The hyperparameters for our experiment:

[23]:
# Hyperparameters and experimental set-up
m = 3
input_size = 2
initial_state = [1, 0, 0]

activation = "none"  # ["none", "sigmoid", "softmax"]
no_bunching = False
num_runs = 5
n_epochs = 100
batch_size = 32
lr = 0.02
alpha = 0.002
betas = (0.85, 0.999)
scale_type = "/pi"  # ["learned", "2pi", "pi", "/pi", "1"]
regu_on = "linear"  # ["linear", "all"]

Class Argument contains the information needed.

[24]:
class Arguments:
    def __init__(self, m, input_size, initial_state, activation="none", no_bunching=False, num_runs=5, n_epochs=50,
                 batch_size=32, lr=0.02, alpha=0.2, betas=(0.9, 0.999), scale_type="learned", regu_on="linear"):
        self.m = m
        self.input_size = input_size
        self.initial_state = initial_state
        self.activation = activation
        self.no_bunching = no_bunching
        self.num_runs = num_runs
        self.n_epochs = n_epochs
        self.batch_size = batch_size
        self.lr = lr
        self.alpha = alpha
        self.betas = betas
        self.scale_type = scale_type
        self.regu_on = regu_on
        self.dataset_name = ""

    def set_dataset_name(self, dataset):
        self.dataset_name = dataset
        return

Train VQC with initial state [1, 0, 0] and show the decision boundary.

[25]:
# VQC [1, 0, 0]
args = Arguments(m, input_size, [1, 0, 0], activation, no_bunching, num_runs, n_epochs, batch_size, lr, alpha, betas, scale_type, regu_on)
vqc_100_results = train_vqc_multiple_runs(args)
Linear training set: 60 samples, 2 features
Linear test set: 40 samples, 2 features
Circular training set: 60 samples, 2 features
Circular test set: 40 samples, 2 features
Moon training set: 60 samples, 2 features
Moon test set: 40 samples, 2 features

Training VQC with dataset linear (5 runs):
  Run 1/5, VQC has 16 parameters...
Training VQC with dataset linear (run1) - Loss: 0.0866, Test Acc: 0.8750: 100%|██████████| 100/100 [00:04<00:00, 20.12it/s]
  Run 2/5, VQC has 16 parameters...
Training VQC with dataset linear (run2) - Loss: 0.0911, Test Acc: 0.8750: 100%|██████████| 100/100 [00:04<00:00, 20.14it/s]
  Run 3/5, VQC has 16 parameters...
Training VQC with dataset linear (run3) - Loss: 0.0898, Test Acc: 0.8750: 100%|██████████| 100/100 [00:04<00:00, 21.09it/s]
  Run 4/5, VQC has 16 parameters...
Training VQC with dataset linear (run4) - Loss: 0.0876, Test Acc: 0.8750: 100%|██████████| 100/100 [00:04<00:00, 21.00it/s]
  Run 5/5, VQC has 16 parameters...
Training VQC with dataset linear (run5) - Loss: 0.0883, Test Acc: 0.8750: 100%|██████████| 100/100 [00:05<00:00, 18.49it/s]

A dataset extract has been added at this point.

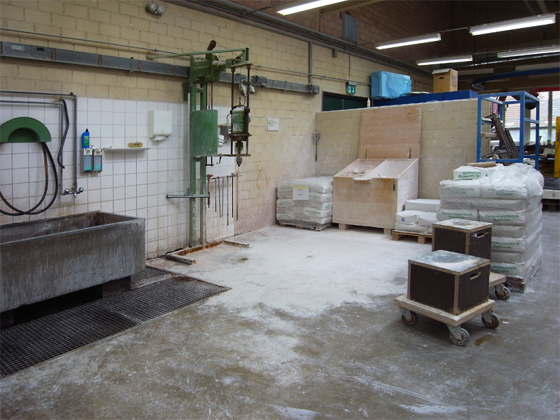 raw materials used in the creation of ceramic are also housed in the development and prototyping workspace

Training VQC with dataset circular (5 runs):
  Run 1/5, VQC has 16 parameters...
Training VQC with dataset circular (run1) - Loss: 0.2853, Test Acc: 0.9250: 100%|██████████| 100/100 [00:04<00:00, 21.23it/s]
  Run 2/5, VQC has 16 parameters...
Training VQC with dataset circular (run2) - Loss: 0.3436, Test Acc: 0.8750: 100%|██████████| 100/100 [00:04<00:00, 21.51it/s]
  Run 3/5, VQC has 16 parameters...
Training VQC with dataset circular (run3) - Loss: 0.3952, Test Acc: 0.8250: 100%|██████████| 100/100 [00:04<00:00, 21.15it/s]
  Run 4/5, VQC has 16 parameters...
Training VQC with dataset circular (run4) - Loss: 0.3550, Test Acc: 0.9000: 100%|██████████| 100/100 [00:04<00:00, 20.82it/s]
  Run 5/5, VQC has 16 parameters...
Training VQC with dataset circular (run5) - Loss: 0.3834, Test Acc: 0.7250: 100%|██████████| 100/100 [00:04<00:00, 21.51it/s]

Training VQC with dataset moon (5 runs):
  Run 1/5, VQC has 16 parameters...
Training VQC with dataset moon (run1) - Loss: 0.1988, Test Acc: 0.8000: 100%|██████████| 100/100 [00:04<00:00, 20.02it/s]
  Run 2/5, VQC has 16 parameters...
Training VQC with dataset moon (run2) - Loss: 0.2061, Test Acc: 0.8000: 100%|██████████| 100/100 [00:05<00:00, 17.46it/s]
  Run 3/5, VQC has 16 parameters...
Training VQC with dataset moon (run3) - Loss: 0.2073, Test Acc: 0.8000: 100%|██████████| 100/100 [00:04<00:00, 21.36it/s]
  Run 4/5, VQC has 16 parameters...
Training VQC with dataset moon (run4) - Loss: 0.2034, Test Acc: 0.8000: 100%|██████████| 100/100 [00:04<00:00, 20.13it/s]
  Run 5/5, VQC has 16 parameters...
Training VQC with dataset moon (run5) - Loss: 0.2019, Test Acc: 0.8000: 100%|██████████| 100/100 [00:04<00:00, 21.12it/s]
../_images/notebooks_VQC_implementation_31_30.png
<Figure size 640x480 with 0 Axes>

Train VQC with initial state [1, 1, 1] and show the decision boundary.

[26]:
# VQC [1, 1, 1]
args = Arguments(m, input_size, [1, 1, 1], activation, no_bunching, num_runs, n_epochs, batch_size, lr, alpha, betas, scale_type, regu_on)
vqc_111_results = train_vqc_multiple_runs(args)
Linear training set: 60 samples, 2 features
Linear test set: 40 samples, 2 features
Circular training set: 60 samples, 2 features
Circular test set: 40 samples, 2 features
Moon training set: 60 samples, 2 features
Moon test set: 40 samples, 2 features

Training VQC with dataset linear (5 runs):
  Run 1/5, VQC has 23 parameters...
Training VQC with dataset linear (run1) - Loss: 0.0846, Test Acc: 0.8750: 100%|██████████| 100/100 [00:04<00:00, 21.61it/s]
  Run 2/5, VQC has 23 parameters...
Training VQC with dataset linear (run2) - Loss: 0.0871, Test Acc: 0.8750: 100%|██████████| 100/100 [00:04<00:00, 22.78it/s]
  Run 3/5, VQC has 23 parameters...
Training VQC with dataset linear (run3) - Loss: 0.0951, Test Acc: 0.8750: 100%|██████████| 100/100 [00:04<00:00, 20.31it/s]
  Run 4/5, VQC has 23 parameters...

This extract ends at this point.